Les deux EP
Hangable Auto Bulb étaient successivement sortis chez Warp en 1995. Avec cette réédition sur CD qui respecte les tracklistings et la chronologie d'origine, court interlude compris (
Bit), plus question de passer à côté de ces morceaux d'
Aphex Twin. Nombre de jeunes créateurs fascinés courent encore après des variations des sonorités-étalon du morceau titre (
Hangable auto bulb) plutôt que d'imiter la démarche elle-même et ainsi trouver des modes d'expressions qui leur soient propres. Quitte à défoncer une porte ouverte, il faut dire que si la tendance rétrospective actuelle leur est profitable en termes d'exposition, cette ressortie vient remettre les métronomes à l'heure en démontrant que les sonorités ne suffisent pas. Vous appellerez ensuite comme vous le voudrez, inspiration, talent, créativité, ce qui permet qu'à l'écoute, loin de toute nostalgie, le simple plaisir musical expulse l’éventuelle sensation d’une musique
datée.
Ce sont les mélodies qui captivent l'attention en premier lieu. Elles atteignent parfois ici la qualité de celles de ses
Selected Ambient Works (
Hangable Auto Bulb,
Arched Maid Via RDJ) et mettent en place des ambiances qui stimulent l'imagination. La relative sagesse, contemplative, répétitive, anti-complexe, de ces mélodies qui sont autant d'étoiles non compromises, de l'ordre d'un lexique electronica à l'état pur et primitif, est d'un effet d'autant plus immédiat qu'elles sont offertes avec la grâce du synthétiseur sci-fiste. Il est surprenant de constater comment
Aphex Twin s'appliquait déjà à élastifier ses textures, en éprouver les possibles résonances lunatiques à force d'échos assombris, et à effriter la rythmique, poussant vers des désarticulations perverses ses batteries sonnantes et trébuchantes (
Laughable Butane Bob). Dans le même mouvement, il expérimentait des fuites grondantes, des ruptures de constructions inopinées, des jeux dynamiques de lumières et de matières dont la danse semble faite pour durer toujours.

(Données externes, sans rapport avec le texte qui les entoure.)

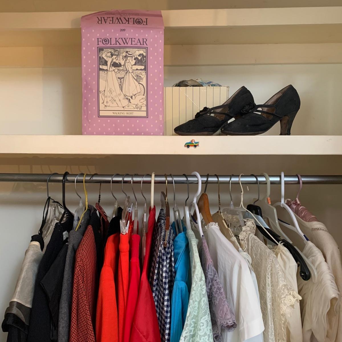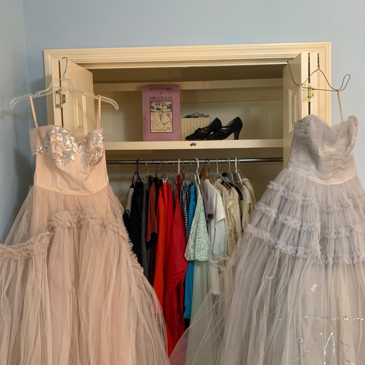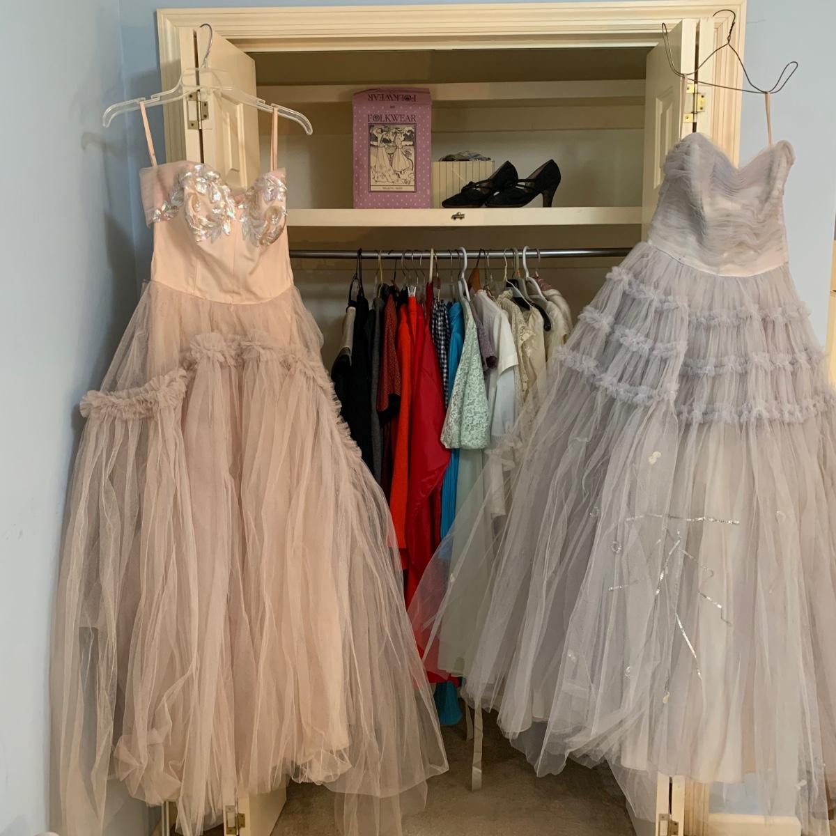 This lot is full of unique vintage clothing. From prom dresses to lady’s pant suits, this thirty one piece collection has it all. Brand names include, Trivia by Charm, GiGi Young, Lady Leona, Swingster Jackets, Butte Knot, Bermuda, and more. Sizes range from 10-16. Lot includes Lady Leona sleepwear, as well as a pair of vintage shoes and Folkwear sewing pattern. Prom dresses have a few pieces of net tulle mesh that need mending, but clothing is in good condition overall. Local pick up only.
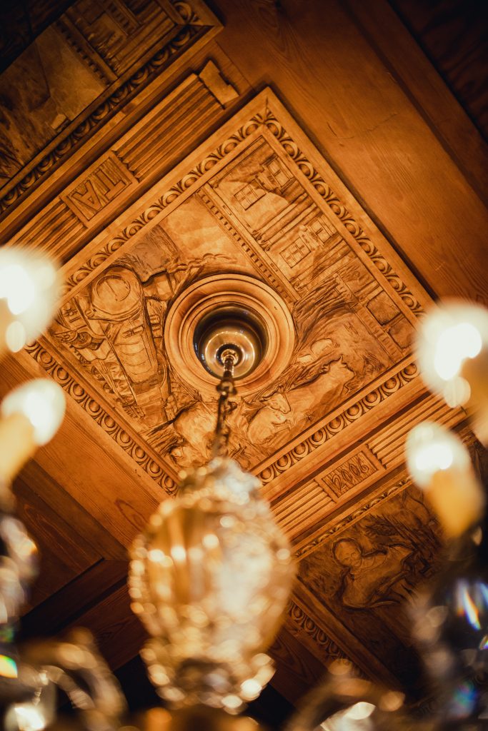 Suunnittelin ja valmistin Tampereella sijaitsevaan rakennukseen kattoreliefin. Tila oli saamassa toisen kattokruunun, joka tarvitsi arvoisensa kattokoristeen vanhan 1916 valmistuneen rinnalle, kuitenkaan kilpailematta vanhan kanssa.
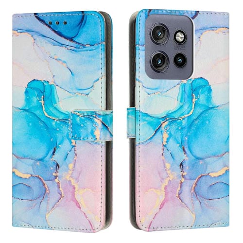 Funda de Cuero con Patrón Mármol para Motorola Edge 50 Ultra (Azul y Verde)
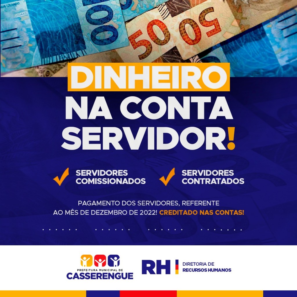 A Prefeitura de Casserengue informa que o pagamento do mês de #Dezembro está na conta dos:
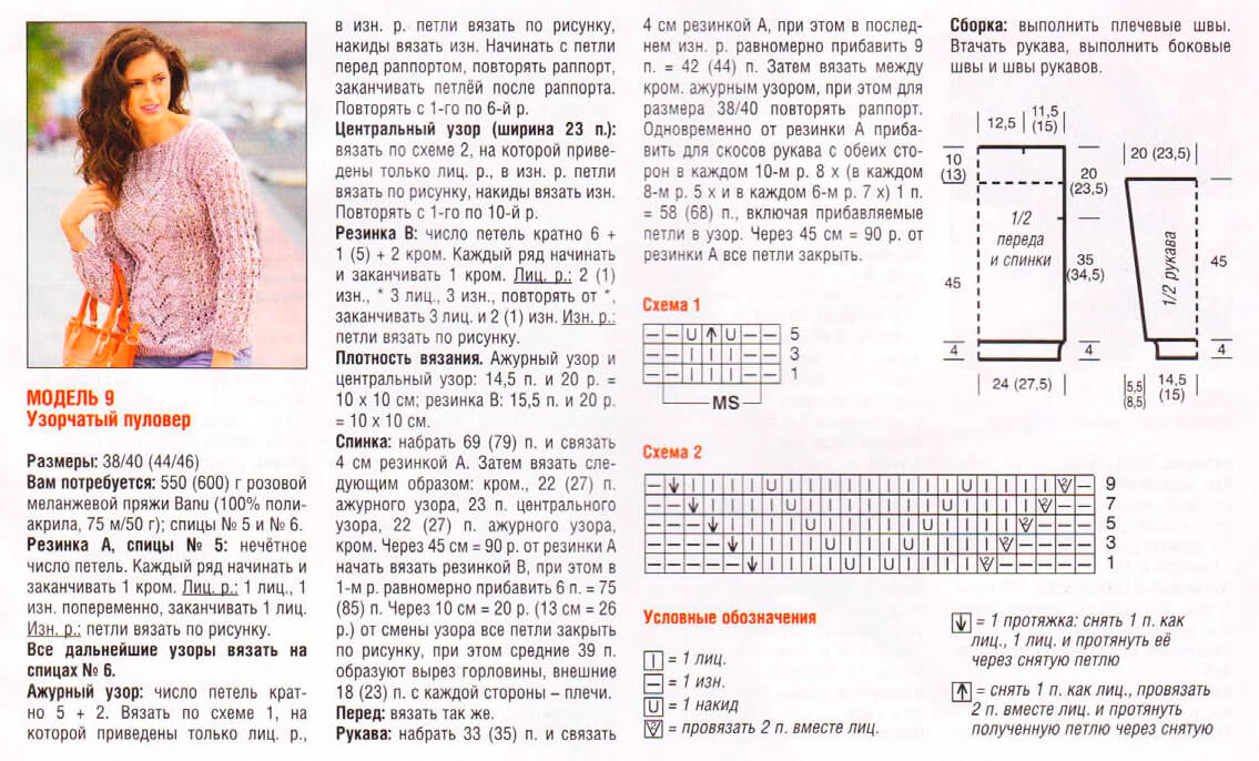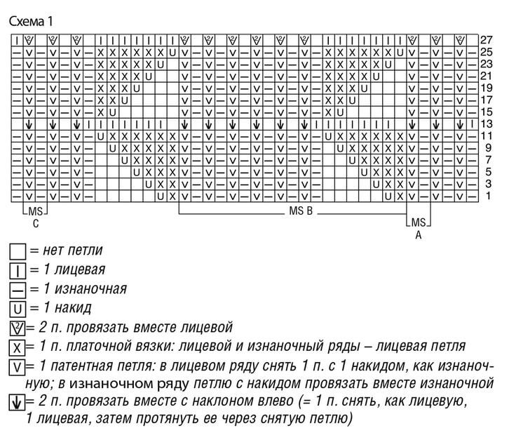 Выполняется по схеме 1 на количестве петель кратном 13 плюс 10 – 1 – 5 плюс 2 кром. п. На схеме показаны только лицевые ряды. Изнаночные ряды провязываем в соответствии с петельками предыдущего р. или в соответствии с описанием, накиды вяжем лицевыми п.
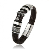 Kožený náramek Gaira Anchor - černý-stříbrný
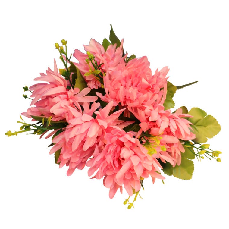 Różowy Bukiet Sztucznych Chryzantem 35 cm z Dodatkami na Wszystkich Świętych
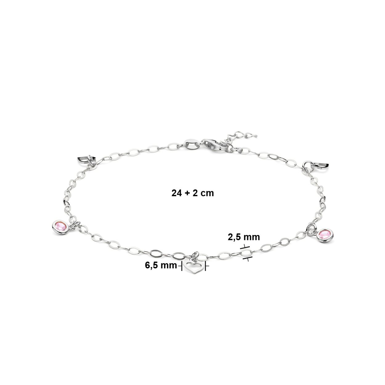 13.38944 Enkelbandje hart en roze zirkonia 24 + 2 cm
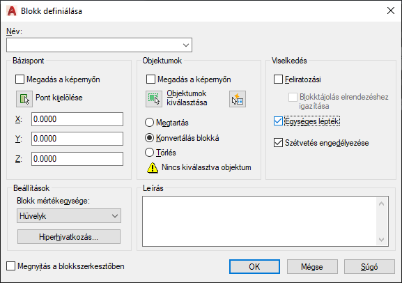 Megadja az új blokkba kerülő objektumokat és azt, hogy a kiválasztott objektumok megmaradjanak, törlésre kerüljenek vagy egy blokkpédánnyá konvertálódjanak a blokk létrehozása során.
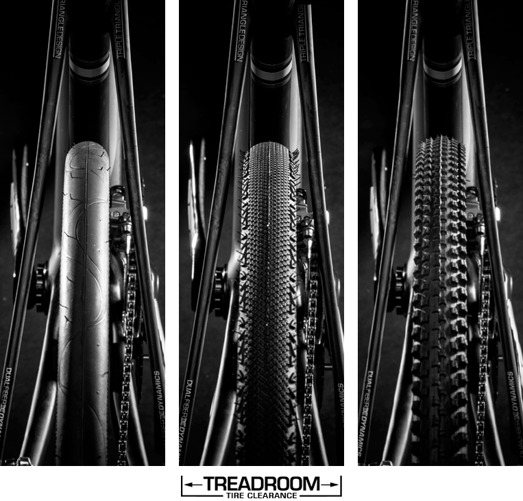 ●チェーンステー長:415mm(48.51)、430mm(53.55)、最大タイヤクリアランス35Cにより、ロードのような軽快走行性能を保ちながらも、
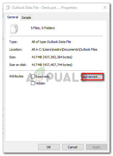Accessing the Properties screen of every PST (OST) file - In the Properties window of the selected files, go to the General tab and click on Advanced.
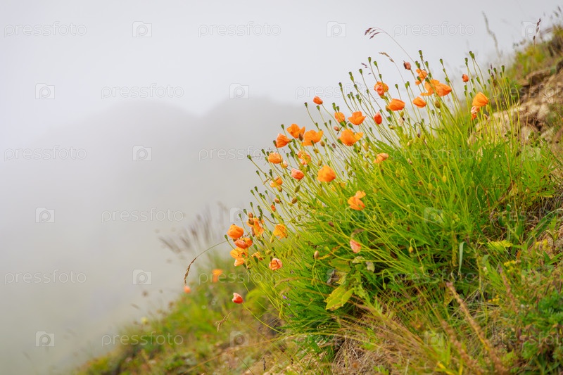 Оранжевые цветы дикого мака растут в горах. Туман
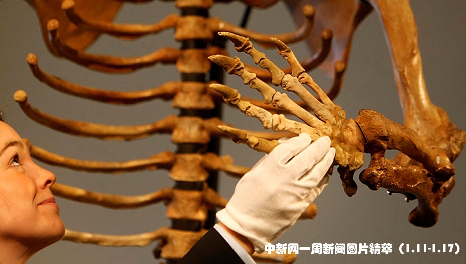 1月11日(周四),在倫敦,Bonhams拍賣行的工作人員正在查看一只冰河時(shí)期巨型熊的骨骼,其年代大約可追溯到5,000萬(wàn)年前。這具骨骼有望拍得3萬(wàn)至4萬(wàn)美元。圖片來(lái)源:中國(guó)新聞網(wǎng)
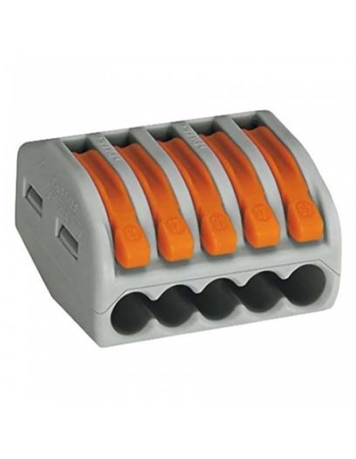 Пружинные клеммы WAGO серии 222 до 32 Ампер для соединения медных проводов Соединительные клеммники с зажимом захватывает до 5 зачищенных тонкопроволочных проводников от 0,08 мм2 до 4 мм2, одножильные и многожильные до 2,5 мм2. Для соединения алюминия, необходимо использовать токопроводящую пасту. Весь электромонтаж соединений происходит без инструментов - быстро, легко и надежно. Применения компактных соединительных клеммников Ваго 222 серии: С помощью клемм Ваго серии 222 подсоединяют проводники для подключения светильников, люстр, жалюзи, ставней, дверных приводов и т.д. Поднять оранжевый рычажок перпендикулярно клеммнику, тем самым открывается вводное отверстие клеммы. Ввести проводник со снятой изоляцией, примерно на 10мм, во входное отверстие клеммы и опустить рычажок в исходное положение. Самопроизвольное отсоединения таким образом становится невозможным. Технические характеристики зажима соединительного безвинтового: Количество контактов: 5 Сечения соединяемых проводников: от 0,08 до 2,5 кв.мм одножильные и многожильные; от 0,08 до 4 кв.мм тонкопроволочные. Номинальной напряжение: 400В/4кВ. Номинальный ток: 32А для 4 кв.мм / 24А для 2,5 кв.мм.
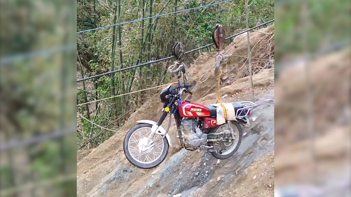 Người dân tỉnh Camarines Norte, Philippines phải dùng ròng rọc để kéo xe máy và hàng hóa qua sông sau khi cây cầu của họ bị gãy trong cơn bão nhiệt đới.
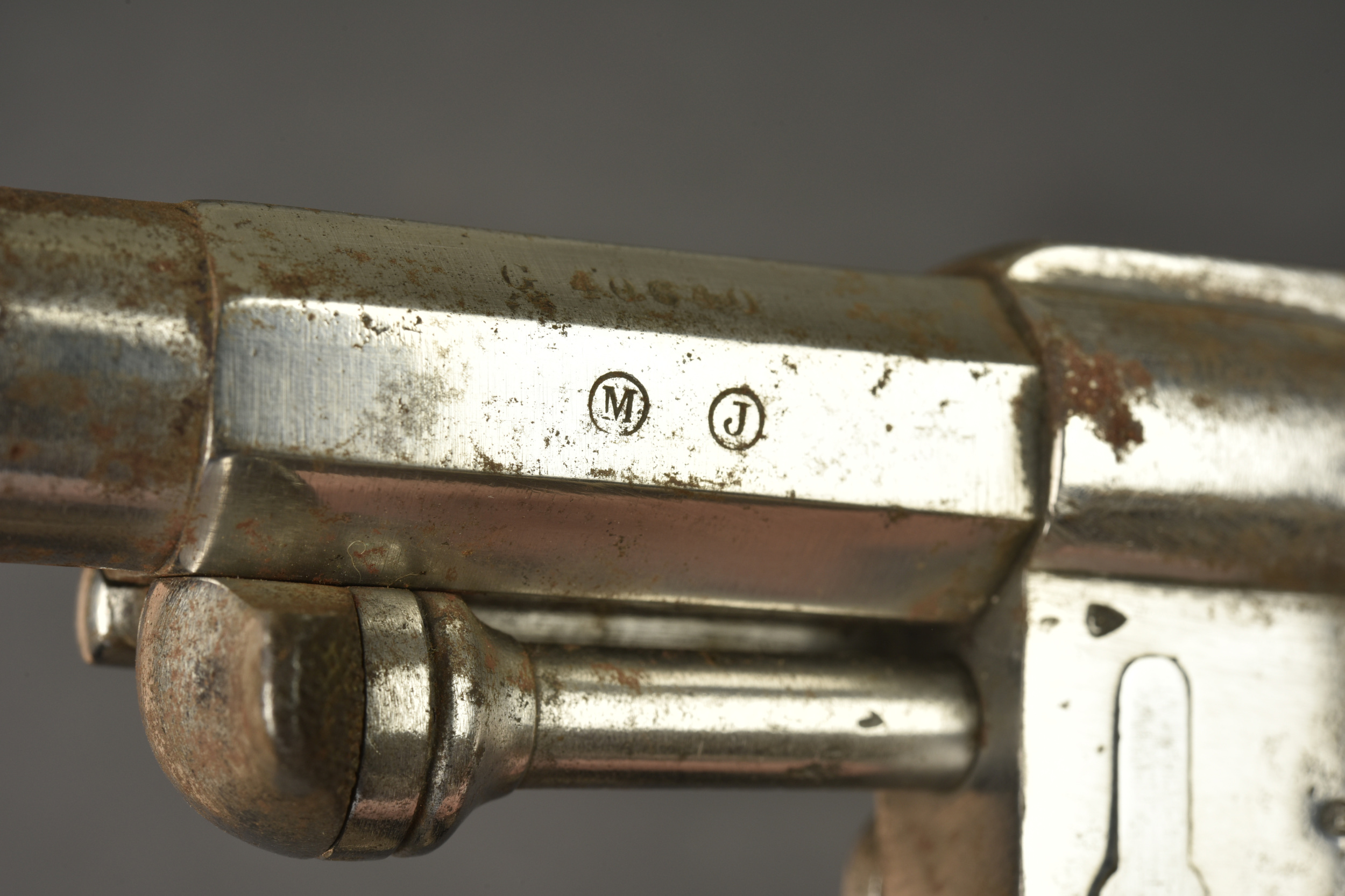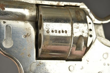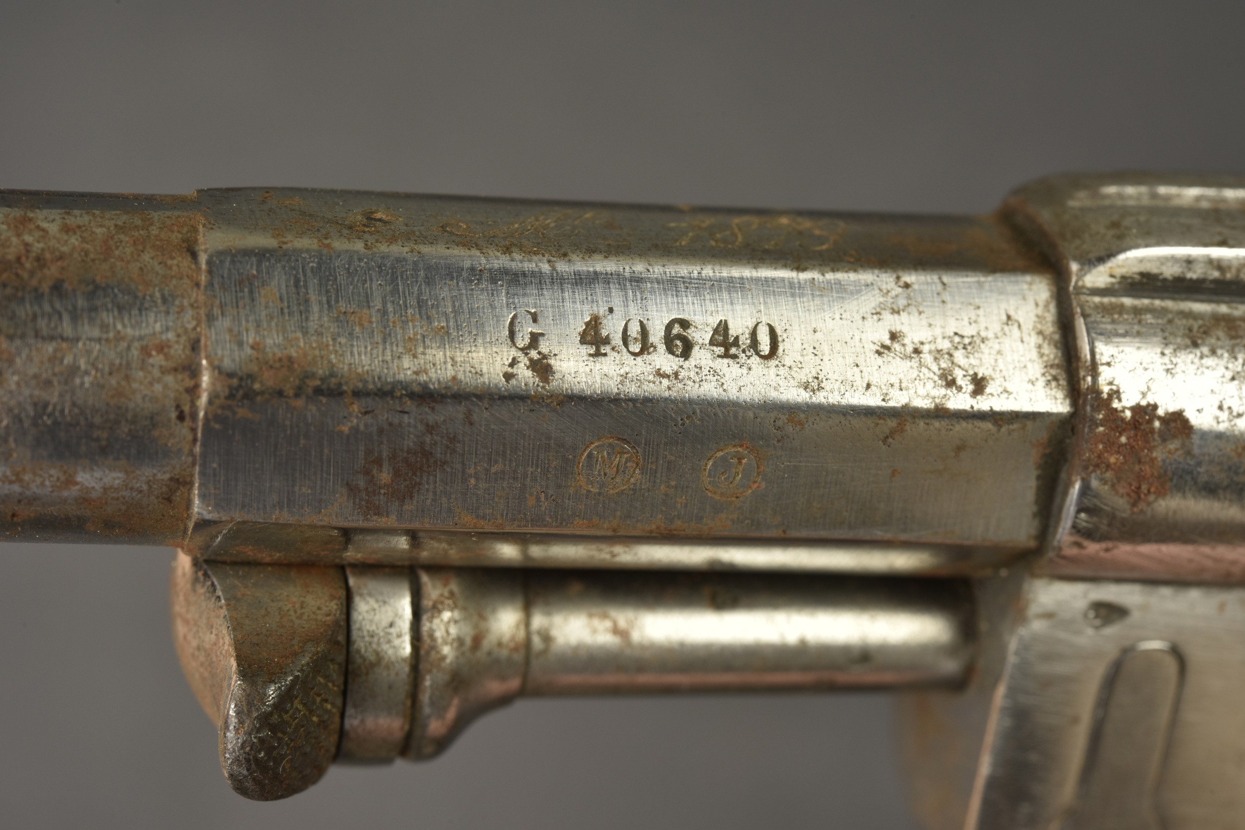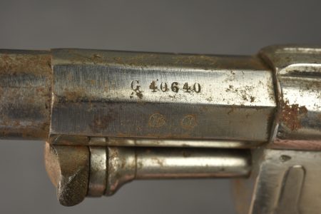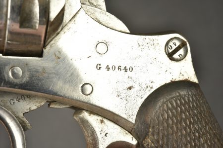 Revolver d’ordonnance modèle 1873. En acier poli, rouille superficielle facilement nettoyable. Manufacture d’armes de St Etienne, daté 1877. Toutes pièces au même numéro de série G40640. Intérieur du canon à nettoyer mais avec de belles rayures. Plaquettes en noyer avec quadrillages. Mécanisme fonctionnel. Aptitude au tir non vérifiée. Arme de Catégorie D alinéa e) modèle d’avant 1900. Vente libre aux personnes majeures, art R311-2 du Csi.

Ludique des effets, grain du vrai-faux analogique, expérimentation des possibles déroutes (synthétiseurs en chute, billes en mutation, rayures et lacérations, métaux embués) prennent le temps de l'évocation noctambule, et font miroiter un ciel de l'électronique où l'ultra technologie, les jugements de mode ni les considérations intellectuelles n'ont de prise sur le plaisir qu'il y a à écouter ce qui s'entend comme programmation - progression spontanée et menée par les intuitions affectives. On réalise alors combien un guide de la carrure d’
Aphex Twin, visionnaire et d'une portée universelle, nous manque aujourd'hui.